A footstep and then Aitken’s soft voice said. “More talking than working, it seems to me. Who is scoring?”

“No, sir,” Jackson said, leaning back to display how much of the crown he had so far gilded. “Not scoring, but a score. Twenty.”

Aitken nodded. “So you heard the captain telling me, eh?”

“Couldn’t help it, sir,” Jackson said.

“We was just saying wot a good number a score is, sir,” Stafford said. “My mum always bought things by the score.”

“And you stole by the gross,” Aitken commented, smiling as Rossi and Jackson began laughing.

“I’m glad to see you started with the blue and not the white,” Aitken said and Rossi immediately began a long-winded explanation, repeating his own version of Stafford’s earlier comment.

Aitken nodded and then said to Jackson: “There’s some gilding to be done at the entryport, while you have the size and the gold leaf out.”

“That gold leaf, sir,” Stafford said. “You take a guinea and flatten it and you get enough gold leaf–”

“To go round the dome of St Paul’s – yes, I know.”

“So there!” Stafford said triumphantly to Rossi. “It’d probably go round St Peter’s
twice
.”

 

On Thursday the wind had occasionally fluked eastward, as though teasing; Friday – yesterday – had been fine, with the wind still occasionally whiffling to the east, and then back to the north and west. Then, at midnight, it had set in from the east and Ramage and Southwick, walking up and down in the darkness of the quarterdeck, the stars above bright and the black outline of Cadiz sharp, had agreed that it looked as if it was going to stay east for a few days.
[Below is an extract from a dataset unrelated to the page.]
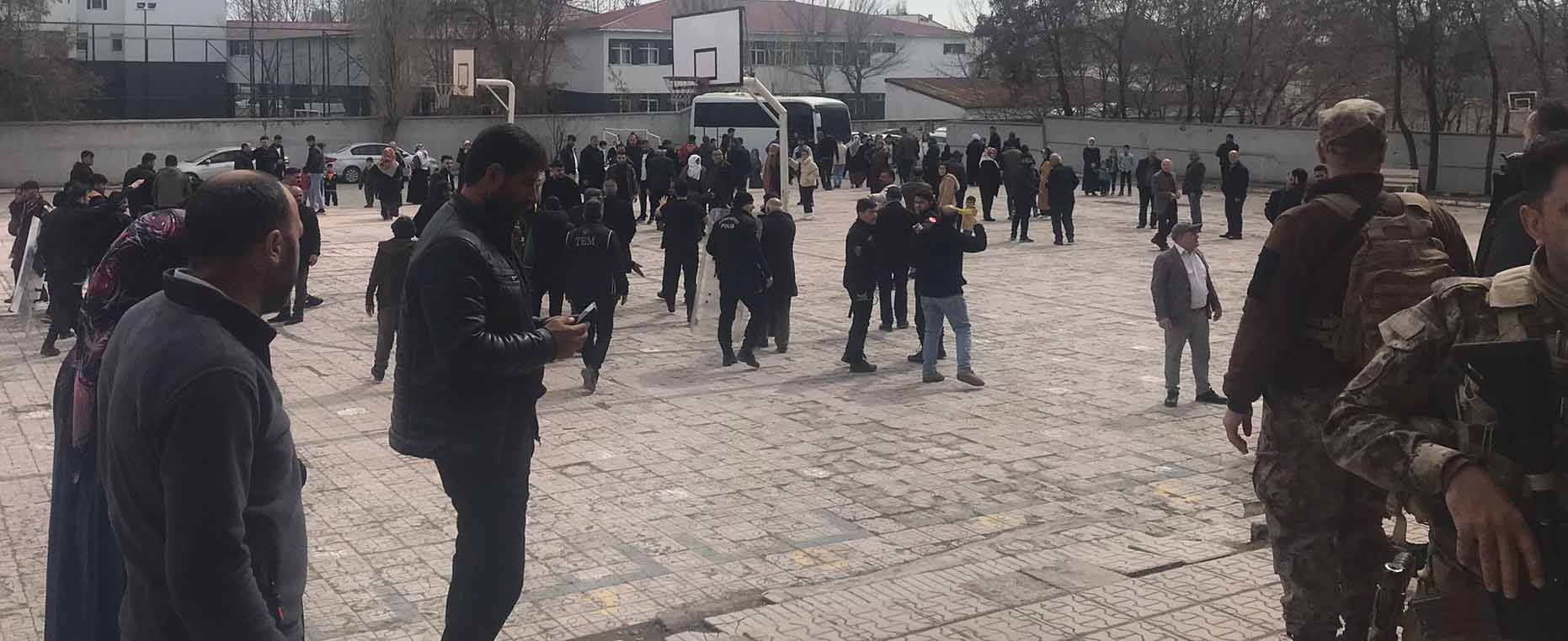 AĞRIda muhtar adayları ve yakınları arasında yaşanan tartışma, özel harekat ve çevik kuvvet polisinin müdahalesiyle büyümeden önlendi. Taraflar güçlükle okul dışına çıkarıldı.100üncü Yıl YİBOda muhtarlar arasında adayları yönlendirme iddiasıyla tartışma çıktı. Tartışmaya adayların yakınları da dahil oldu. Taraflar arasında itişmeler yaşanırken, bölgeye özel harekat ve çevik kuvvet polisleri sevk edildi. Olaya müdahale eden ekipler, tarafları ayırdı. Kalkan kullanmak zorunda kalan polis, tarafları okulun dışına çıkarıp bölgeden uzaklaştırdı.

Ramage had slept fitfully, fully dressed. Every hour or so he had gone up to the quarterdeck, talked with the officer of the deck and confirmed that the wind was staying east. The door to Cadiz was open; would the Combined Fleet make a bolt forit?

Certainly not in the darkness: more than thirty great ships (among them two which were the biggest in the world) would want time and daylight to get their anchors up and sails set; the channel out of Cadiz, opposite the city, was only about four hundred yards wide; not enough for a big ship (with an inexperienced crew, foul bottom, probably nervous captain and several other ships around) to tack in an emergency. And unless the ship held its wind it would go aground on a two-fathom bank on the larboard hand or hit the edge of a mud bank on the starboard hand which dried out at low water.

Ramage added a sentence to his night orders: “By dawn the
Calypso
must be passing south of the El Diamante bank steering for Cadiz Roads, and the captain is to be called.”

As he tried to ward off the waves of excitement and sleep, Ramage reflected on the last few words of his night orders. Yes, the captain was to be called, and to set an example of imperturbability, he would have to pretend to be asleep. But sleep when the French commander-in-chief was probably working by candlelight giving orders for the Combined Fleet to weigh and sail at daylight? And the
Calypso
(by a stroke of luck) the frigate whose turn it was to be close up to Cadiz Roads, so close at dawn that they would be able to see waves slapping on the breakwater and the beach at Punta de la Soledad.